5 practical ways for school boards to build community trust
Superintendents and Board Members of School Boards have a remit to engage their community, to build trust and be transparent to their stakeholders. This article gives practical examples for them to do that, sharing simple but effective ways to be transparent and circulate information to the key stakeholders in the school community.
Practical Ways for School Boards to Build Community Trust
Building trust starts with transparency. A key aspect of your strategy should be to ensure transparency – both across the organization and within the school community.
In order to ensure greater public transparency and build trust among stakeholders in your district, school boards must follow good board governance practices. This enables your board members to fulfill responsibilities effectively, at the same time as being open with regard to board business and decisions that impact the district.
This requires following open meeting laws to the letter, making sure there is greater accessibility and open communication between administrators and citizens, and preparing well for cyber risk.
Technology plays a Key Role in Delivering Transparency
Much of daily life already happens online, and people expect in today’s virtual world to be able to access information quickly. Leveraging technology also helps school boards prevent and eliminate common transparency challenges that they face.
Establishing a culture of transparency can be done through:
- Removing barriers to access
- Providing news and information
- Keeping people up to date
- Sharing relevant documentation
Naturally, the internet is the first place that your stakeholders will look for information on everything that’s going on. That’s a core reason why your school board should start the process of digitizing communications operations. It’s the modern way to connect governance with transparency.
Here are 5 practical ways for school boards to build community trust:
1. Communicating Mission and Vision
Publish your school’s mission statement and vision, to ensure the school community has clarity on your key strategic goals and objectives for this year and for coming years.
This helps build trust. By publishing these, you are showing that your board plans to deliver and wants to be accountable. It’s also a great place to ask stakeholders to get involved to help deliver on goals.
2. Establish a Single Source of Truth
Establish a single source of truth for all school communications, from board meeting documentation to news and key facts, instead of the public relying on disparate sources for information. You should have one centralized location – a single space online that people know they can come to and rely on it being current and correct.
Encourage school community members to use your online space to keep themselves informed and up to date. Keeping them coming back regularly to your portal is a very effective way to demonstrate transparency and to build trust.
3. Updating Your Community
Each stakeholder in the school community wants to be kept up to date. Different stakeholders will have different information requirements, but technology can help manage these and deliver the right information to the right people.
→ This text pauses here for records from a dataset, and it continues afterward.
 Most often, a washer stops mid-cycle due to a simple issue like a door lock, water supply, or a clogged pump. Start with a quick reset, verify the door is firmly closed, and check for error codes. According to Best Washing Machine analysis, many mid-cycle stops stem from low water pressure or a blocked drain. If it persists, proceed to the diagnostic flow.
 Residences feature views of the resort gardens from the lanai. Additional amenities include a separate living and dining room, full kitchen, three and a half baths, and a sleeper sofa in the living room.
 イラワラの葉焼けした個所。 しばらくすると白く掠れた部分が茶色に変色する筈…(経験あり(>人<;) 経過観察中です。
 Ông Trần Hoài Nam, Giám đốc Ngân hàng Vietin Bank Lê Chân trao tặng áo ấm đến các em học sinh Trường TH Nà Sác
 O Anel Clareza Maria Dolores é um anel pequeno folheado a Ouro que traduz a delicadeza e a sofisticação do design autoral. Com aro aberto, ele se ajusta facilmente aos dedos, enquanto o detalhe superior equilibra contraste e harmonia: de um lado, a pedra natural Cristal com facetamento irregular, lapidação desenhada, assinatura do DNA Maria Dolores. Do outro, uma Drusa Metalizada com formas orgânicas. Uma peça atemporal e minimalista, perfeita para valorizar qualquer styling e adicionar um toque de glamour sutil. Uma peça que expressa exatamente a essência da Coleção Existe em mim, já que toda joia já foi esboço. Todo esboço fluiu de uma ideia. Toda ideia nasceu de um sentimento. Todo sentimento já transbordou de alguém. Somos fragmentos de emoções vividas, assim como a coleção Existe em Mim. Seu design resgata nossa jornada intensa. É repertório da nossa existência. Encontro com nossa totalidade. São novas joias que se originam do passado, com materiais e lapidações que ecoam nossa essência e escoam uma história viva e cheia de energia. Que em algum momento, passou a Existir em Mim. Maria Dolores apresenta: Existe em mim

You can also deliver information in real-time to keep staff, board members, parents, students and other school community members updated.
Consider the communication methods that are most appropriate. You may want to update key stakeholders by email or SMS on the go, so make sure your technology solution simplifies this communication.
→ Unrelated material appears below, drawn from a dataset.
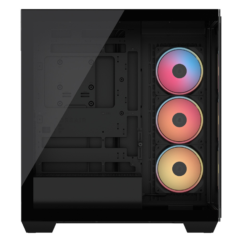 リバースローター設計のiCUE LINKファンを搭載。背面コネクタ設計のマザーボードに対応するピラーレスデザインのミドルタワー型PCケース

Using technology also helps you keep track of what and how you communicated with different stakeholders, delivering on accountability and best practice for modern governance of your school.
4. Sharing School Board Meeting Information
One of the simplest ways you can be transparent as a school is by sharing all current and past board materials for school community members to access easily (and on any device). They should be able to search easily and find what they are looking for quickly.
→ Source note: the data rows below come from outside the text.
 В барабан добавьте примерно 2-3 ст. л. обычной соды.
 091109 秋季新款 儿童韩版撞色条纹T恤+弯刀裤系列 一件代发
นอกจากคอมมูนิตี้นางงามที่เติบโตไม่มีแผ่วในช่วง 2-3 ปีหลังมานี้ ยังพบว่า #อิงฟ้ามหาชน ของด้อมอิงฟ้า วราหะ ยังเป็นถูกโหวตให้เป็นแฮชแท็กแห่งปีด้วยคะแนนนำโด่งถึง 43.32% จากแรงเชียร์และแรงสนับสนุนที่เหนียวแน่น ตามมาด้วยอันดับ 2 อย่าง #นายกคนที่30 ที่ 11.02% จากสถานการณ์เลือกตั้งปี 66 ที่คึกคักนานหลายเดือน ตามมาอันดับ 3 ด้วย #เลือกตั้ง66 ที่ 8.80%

Be inclusive by enabling easy accessibility to all community members, regardless of disability, education and social status. When community members are engaged, their needs can be heard and reflected in board initiatives. This in turn allows community members of all backgrounds to identify with your organization’s objectives.
A technology platform provides opportunities for community engagement and encourages transparency. People can see when upcoming meetings are planned. They can take part in online surveys and evaluations. You will also comply with open meeting law requirements. You can even live stream meetings using technology to help all community members have access, removing the physical obstacles to them attending in person.
5. Communicating How Student Information is Held and How You are Protecting It
As cyber risk and ransomware attacks on schools continue to grow apace, showing how you are securely storing and managing key personal information is critical for transparency.
This includes informing staff, teachers, students and parents/guardians about what information you are collecting about them, why you are collecting this information, how it is stored and protected, what your data breach procedures are, and so on. For more on this, the US Department of Education has published Transparency Best Practices for Schools.
How you communicate with the wider school community should such an incident occur is also critical for trust and transparency. Using your single-truth portal to keep everybody informed and updated will help avoid half-truths and panic about outcomes.